To control pollution emissions without hampering economic growth has been the major concern of policymakers in every corner of the world. Previous studies have highlighted that urbanization, technology innovation, and trade openness have potential to combat environmental pollution while maintaining stable economic growth. Thus, the study is an effort to investigate the dynamics of urbanization, technology innovation, trade openness, and CO2 emissions by controlling for several important variables, i.e., energy consumption, economic growth, and population size. For this, we use STIRPAT function to specify our empirical model by using panel data of 13 Asian countries over the period of 1985–2019. For empirical analysis, we adopt Pedroni and Kao panel cointegration approaches and fully modified OLS (FMOLS) for long-run elasticity estimation. We also specify a panel VECM model based on FMOLS estimation to examine the direction of causality among the variables in Asian countries.

Empirical results obtained from Pedroni and Kao cointegration techniques provide strong evidence to believe that there exists stable long-run relationship among the variables. The results of FMOLS reveal a positive relationship between urbanization, energy consumption, and CO2 emissions whereas a negative impact of trade and technology on CO2 emissions is observed. The causality analysis confirms the presence of feedback causality between energy consumption and emissions, trade and emissions, technology, and emissions in the selected sample of Asian countries. In other words, causality results imply that all these four variables (CE, EC, T, and O) dynamically interact to restore long-run equilibrium whenever there is a deviation from the cointegration relationship.

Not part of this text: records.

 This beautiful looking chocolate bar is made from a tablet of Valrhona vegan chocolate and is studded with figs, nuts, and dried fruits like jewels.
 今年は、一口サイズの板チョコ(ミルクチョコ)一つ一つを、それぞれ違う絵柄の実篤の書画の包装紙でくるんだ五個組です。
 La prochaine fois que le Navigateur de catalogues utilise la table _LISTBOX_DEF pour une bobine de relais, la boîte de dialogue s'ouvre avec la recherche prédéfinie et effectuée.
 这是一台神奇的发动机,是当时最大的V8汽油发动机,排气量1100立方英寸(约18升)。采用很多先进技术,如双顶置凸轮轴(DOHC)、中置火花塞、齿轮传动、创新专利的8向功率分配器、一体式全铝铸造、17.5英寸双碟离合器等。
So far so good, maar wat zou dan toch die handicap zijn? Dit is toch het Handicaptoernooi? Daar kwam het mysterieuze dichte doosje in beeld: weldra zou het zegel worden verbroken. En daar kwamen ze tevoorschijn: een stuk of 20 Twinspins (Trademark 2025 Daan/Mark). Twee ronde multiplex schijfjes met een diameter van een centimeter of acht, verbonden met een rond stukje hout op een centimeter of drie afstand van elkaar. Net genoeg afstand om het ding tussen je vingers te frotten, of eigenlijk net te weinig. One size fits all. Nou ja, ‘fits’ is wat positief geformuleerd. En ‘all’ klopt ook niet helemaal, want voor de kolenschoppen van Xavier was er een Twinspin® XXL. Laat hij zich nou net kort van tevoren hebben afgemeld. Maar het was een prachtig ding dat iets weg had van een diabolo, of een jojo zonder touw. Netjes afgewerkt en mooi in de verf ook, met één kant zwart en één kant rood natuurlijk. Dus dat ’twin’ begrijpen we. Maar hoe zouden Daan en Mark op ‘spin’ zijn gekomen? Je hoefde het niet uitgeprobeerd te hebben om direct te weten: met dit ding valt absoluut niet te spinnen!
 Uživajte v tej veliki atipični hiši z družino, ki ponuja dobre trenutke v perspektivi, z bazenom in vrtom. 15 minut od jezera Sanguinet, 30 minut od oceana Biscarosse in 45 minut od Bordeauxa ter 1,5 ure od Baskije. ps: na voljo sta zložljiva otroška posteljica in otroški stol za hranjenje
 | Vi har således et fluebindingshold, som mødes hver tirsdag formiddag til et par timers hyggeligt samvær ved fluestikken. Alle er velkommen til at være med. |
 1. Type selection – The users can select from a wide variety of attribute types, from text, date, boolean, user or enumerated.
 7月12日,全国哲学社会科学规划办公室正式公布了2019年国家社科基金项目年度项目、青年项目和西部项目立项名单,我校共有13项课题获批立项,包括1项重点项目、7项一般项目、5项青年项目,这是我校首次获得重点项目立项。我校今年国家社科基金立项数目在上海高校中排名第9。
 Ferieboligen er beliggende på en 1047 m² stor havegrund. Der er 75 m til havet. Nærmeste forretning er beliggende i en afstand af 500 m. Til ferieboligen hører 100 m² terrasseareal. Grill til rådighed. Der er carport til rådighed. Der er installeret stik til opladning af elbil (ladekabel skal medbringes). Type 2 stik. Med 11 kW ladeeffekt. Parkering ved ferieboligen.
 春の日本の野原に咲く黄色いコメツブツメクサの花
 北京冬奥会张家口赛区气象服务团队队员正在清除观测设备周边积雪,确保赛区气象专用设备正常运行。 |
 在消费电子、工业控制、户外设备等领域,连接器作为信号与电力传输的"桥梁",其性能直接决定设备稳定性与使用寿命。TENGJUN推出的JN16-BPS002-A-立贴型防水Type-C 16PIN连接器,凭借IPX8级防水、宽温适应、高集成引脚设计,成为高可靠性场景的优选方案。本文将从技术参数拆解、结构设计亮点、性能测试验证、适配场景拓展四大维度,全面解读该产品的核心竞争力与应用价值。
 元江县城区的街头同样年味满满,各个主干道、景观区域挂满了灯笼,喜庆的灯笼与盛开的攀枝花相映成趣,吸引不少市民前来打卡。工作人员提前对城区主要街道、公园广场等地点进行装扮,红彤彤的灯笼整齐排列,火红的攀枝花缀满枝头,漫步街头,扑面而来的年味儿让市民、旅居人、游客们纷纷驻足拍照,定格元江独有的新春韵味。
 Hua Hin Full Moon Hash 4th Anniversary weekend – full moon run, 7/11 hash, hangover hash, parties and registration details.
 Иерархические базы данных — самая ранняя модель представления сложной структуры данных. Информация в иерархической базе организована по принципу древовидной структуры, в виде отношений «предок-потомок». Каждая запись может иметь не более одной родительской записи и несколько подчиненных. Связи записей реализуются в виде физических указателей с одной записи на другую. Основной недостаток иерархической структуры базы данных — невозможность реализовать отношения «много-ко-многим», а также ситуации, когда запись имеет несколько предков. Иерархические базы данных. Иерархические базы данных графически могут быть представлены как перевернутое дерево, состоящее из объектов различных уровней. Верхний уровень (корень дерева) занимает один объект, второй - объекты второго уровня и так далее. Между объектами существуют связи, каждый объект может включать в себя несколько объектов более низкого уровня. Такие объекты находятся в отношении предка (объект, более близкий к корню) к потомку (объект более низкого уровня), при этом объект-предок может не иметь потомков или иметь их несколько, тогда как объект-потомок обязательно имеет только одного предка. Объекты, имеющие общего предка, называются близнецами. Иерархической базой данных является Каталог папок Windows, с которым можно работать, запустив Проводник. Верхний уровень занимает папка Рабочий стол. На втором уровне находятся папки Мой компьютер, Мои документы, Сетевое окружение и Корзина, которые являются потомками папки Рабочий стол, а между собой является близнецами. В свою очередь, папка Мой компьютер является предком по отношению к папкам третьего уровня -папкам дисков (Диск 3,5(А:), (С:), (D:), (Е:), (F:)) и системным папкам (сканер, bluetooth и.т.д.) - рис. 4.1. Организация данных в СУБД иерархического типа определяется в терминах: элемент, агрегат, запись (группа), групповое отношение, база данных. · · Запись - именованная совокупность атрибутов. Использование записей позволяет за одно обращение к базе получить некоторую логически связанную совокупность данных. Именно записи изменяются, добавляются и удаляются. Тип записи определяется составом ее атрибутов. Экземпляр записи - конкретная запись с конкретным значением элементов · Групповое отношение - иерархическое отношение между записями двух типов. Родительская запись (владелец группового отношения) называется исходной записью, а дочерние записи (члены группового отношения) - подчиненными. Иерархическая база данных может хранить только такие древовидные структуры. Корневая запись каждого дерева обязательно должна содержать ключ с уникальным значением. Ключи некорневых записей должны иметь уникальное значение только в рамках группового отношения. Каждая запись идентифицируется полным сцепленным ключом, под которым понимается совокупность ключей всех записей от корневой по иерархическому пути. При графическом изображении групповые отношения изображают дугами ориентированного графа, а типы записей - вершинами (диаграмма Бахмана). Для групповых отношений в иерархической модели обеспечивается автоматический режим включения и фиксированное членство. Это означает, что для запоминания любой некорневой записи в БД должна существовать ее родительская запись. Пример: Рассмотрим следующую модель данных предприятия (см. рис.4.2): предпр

The empirical findings suggest that technology and trade play important role in reducing CO2 emissions. These findings are very much in line with the latest report of Asia Energy Outlook (2016–2017), which suggests that technology innovation must be combined with technology transfer to support emission reduction efforts globally. The negative coefficient of technology change indicates that meeting the objective of pollution reduction without reducing economic growth is possible through adopting new technologies. The government needs to allocate more resources to R&D activities to generate new innovations. The negative coefficient of trade openness advocates the gain from trade theory and suggests that higher openness facilitates technology transfer and reduces pollution emissions. Moreover, Asian economies need to increase the scale of trade openness to get the benefit of advanced technologies from other developed countries of the world. However, the country level mixed results of trade also require more careful thought while regulating trade flows and designing a comprehensive technology, trade, and environmental policy to achieve sustainable economic development.